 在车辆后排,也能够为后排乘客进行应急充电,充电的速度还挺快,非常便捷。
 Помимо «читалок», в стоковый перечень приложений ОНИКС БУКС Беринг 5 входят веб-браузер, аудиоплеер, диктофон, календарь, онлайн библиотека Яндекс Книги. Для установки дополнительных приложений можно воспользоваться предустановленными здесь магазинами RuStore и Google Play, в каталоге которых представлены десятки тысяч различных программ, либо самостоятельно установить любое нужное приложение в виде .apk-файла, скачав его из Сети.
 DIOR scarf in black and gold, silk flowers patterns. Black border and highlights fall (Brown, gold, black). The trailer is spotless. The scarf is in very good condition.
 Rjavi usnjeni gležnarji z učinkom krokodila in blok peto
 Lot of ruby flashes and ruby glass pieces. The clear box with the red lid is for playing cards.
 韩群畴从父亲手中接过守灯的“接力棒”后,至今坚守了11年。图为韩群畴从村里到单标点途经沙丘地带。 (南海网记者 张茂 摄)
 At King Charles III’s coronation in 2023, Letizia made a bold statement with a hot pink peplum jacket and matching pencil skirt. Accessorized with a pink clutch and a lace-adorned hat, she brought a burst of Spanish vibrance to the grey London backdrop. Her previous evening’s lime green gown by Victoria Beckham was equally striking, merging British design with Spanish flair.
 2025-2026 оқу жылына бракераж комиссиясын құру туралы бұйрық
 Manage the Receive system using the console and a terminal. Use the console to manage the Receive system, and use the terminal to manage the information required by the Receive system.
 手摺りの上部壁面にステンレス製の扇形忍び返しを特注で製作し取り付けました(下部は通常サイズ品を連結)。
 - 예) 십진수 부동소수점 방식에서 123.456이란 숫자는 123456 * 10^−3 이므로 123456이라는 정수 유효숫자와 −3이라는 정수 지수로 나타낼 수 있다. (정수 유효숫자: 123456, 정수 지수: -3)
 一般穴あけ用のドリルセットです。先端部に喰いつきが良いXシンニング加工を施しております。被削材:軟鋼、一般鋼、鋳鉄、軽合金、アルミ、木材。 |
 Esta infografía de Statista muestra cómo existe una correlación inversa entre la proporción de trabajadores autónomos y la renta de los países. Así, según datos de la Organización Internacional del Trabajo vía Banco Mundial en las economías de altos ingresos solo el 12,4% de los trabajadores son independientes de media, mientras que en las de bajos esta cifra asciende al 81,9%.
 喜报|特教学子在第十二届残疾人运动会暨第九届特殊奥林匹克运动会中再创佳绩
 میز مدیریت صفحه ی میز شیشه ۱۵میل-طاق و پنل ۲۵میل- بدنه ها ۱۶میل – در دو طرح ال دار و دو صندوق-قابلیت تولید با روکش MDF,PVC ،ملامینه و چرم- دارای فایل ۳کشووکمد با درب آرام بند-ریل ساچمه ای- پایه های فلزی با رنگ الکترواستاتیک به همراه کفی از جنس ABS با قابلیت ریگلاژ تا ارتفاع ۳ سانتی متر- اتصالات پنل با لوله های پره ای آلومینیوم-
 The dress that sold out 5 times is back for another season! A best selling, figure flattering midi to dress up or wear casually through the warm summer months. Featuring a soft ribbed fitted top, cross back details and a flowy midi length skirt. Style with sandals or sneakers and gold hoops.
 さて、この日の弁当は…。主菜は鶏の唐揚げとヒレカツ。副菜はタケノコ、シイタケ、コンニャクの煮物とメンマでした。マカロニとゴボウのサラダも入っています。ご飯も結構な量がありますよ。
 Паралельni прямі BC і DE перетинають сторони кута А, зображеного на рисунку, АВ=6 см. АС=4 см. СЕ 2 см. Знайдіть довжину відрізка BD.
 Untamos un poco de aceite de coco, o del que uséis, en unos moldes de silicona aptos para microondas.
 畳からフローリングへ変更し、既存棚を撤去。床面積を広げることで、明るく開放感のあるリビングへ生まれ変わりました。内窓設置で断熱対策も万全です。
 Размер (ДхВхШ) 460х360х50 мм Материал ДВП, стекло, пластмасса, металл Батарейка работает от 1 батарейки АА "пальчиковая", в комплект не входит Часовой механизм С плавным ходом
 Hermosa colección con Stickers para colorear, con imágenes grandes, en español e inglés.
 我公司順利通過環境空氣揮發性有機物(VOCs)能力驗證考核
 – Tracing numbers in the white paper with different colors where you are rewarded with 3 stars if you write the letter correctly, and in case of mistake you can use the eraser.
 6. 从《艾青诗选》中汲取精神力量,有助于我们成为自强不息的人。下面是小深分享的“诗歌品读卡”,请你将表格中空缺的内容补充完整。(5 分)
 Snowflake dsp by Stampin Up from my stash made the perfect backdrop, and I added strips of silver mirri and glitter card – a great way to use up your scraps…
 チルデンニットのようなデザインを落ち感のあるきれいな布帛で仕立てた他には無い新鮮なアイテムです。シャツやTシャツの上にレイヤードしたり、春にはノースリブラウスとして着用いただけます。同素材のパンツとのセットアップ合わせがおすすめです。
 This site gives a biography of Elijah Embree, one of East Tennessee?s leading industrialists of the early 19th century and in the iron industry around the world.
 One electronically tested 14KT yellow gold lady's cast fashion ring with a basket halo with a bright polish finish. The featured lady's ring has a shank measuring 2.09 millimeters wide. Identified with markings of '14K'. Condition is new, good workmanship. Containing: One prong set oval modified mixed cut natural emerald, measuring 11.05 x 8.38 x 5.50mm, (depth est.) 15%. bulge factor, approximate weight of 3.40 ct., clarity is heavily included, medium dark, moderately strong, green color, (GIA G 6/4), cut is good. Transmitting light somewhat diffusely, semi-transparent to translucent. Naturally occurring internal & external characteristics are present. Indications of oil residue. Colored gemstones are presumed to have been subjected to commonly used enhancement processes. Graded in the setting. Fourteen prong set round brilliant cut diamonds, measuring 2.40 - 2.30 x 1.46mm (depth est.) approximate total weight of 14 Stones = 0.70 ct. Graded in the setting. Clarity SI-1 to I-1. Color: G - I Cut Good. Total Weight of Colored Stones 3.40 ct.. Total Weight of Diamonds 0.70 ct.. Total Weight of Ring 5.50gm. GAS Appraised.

**PROBLEM STATEMENT**.
Quote the listing above, but only from the line that shows "喜报|特教学子在第十二届残疾人运动会暨第九届特殊奥林匹克运动会中再创佳绩" through the line that shows "我公司順利通過環境空氣揮發性有機物(VOCs)能力驗證考核".

**YOUR RESPONSE**.
 喜报|特教学子在第十二届残疾人运动会暨第九届特殊奥林匹克运动会中再创佳绩
 میز مدیریت صفحه ی میز شیشه ۱۵میل-طاق و پنل ۲۵میل- بدنه ها ۱۶میل – در دو طرح ال دار و دو صندوق-قابلیت تولید با روکش MDF,PVC ،ملامینه و چرم- دارای فایل ۳کشووکمد با درب آرام بند-ریل ساچمه ای- پایه های فلزی با رنگ الکترواستاتیک به همراه کفی از جنس ABS با قابلیت ریگلاژ تا ارتفاع ۳ سانتی متر- اتصالات پنل با لوله های پره ای آلومینیوم-
 The dress that sold out 5 times is back for another season! A best selling, figure flattering midi to dress up or wear casually through the warm summer months. Featuring a soft ribbed fitted top, cross back details and a flowy midi length skirt. Style with sandals or sneakers and gold hoops.
 さて、この日の弁当は…。主菜は鶏の唐揚げとヒレカツ。副菜はタケノコ、シイタケ、コンニャクの煮物とメンマでした。マカロニとゴボウのサラダも入っています。ご飯も結構な量がありますよ。
 Паралельni прямі BC і DE перетинають сторони кута А, зображеного на рисунку, АВ=6 см. АС=4 см. СЕ 2 см. Знайдіть довжину відрізка BD.
 Untamos un poco de aceite de coco, o del que uséis, en unos moldes de silicona aptos para microondas.
 畳からフローリングへ変更し、既存棚を撤去。床面積を広げることで、明るく開放感のあるリビングへ生まれ変わりました。内窓設置で断熱対策も万全です。
 Размер (ДхВхШ) 460х360х50 мм Материал ДВП, стекло, пластмасса, металл Батарейка работает от 1 батарейки АА "пальчиковая", в комплект не входит Часовой механизм С плавным ходом
 Hermosa colección con Stickers para colorear, con imágenes grandes, en español e inglés.
 我公司順利通過環境空氣揮發性有機物(VOCs)能力驗證考核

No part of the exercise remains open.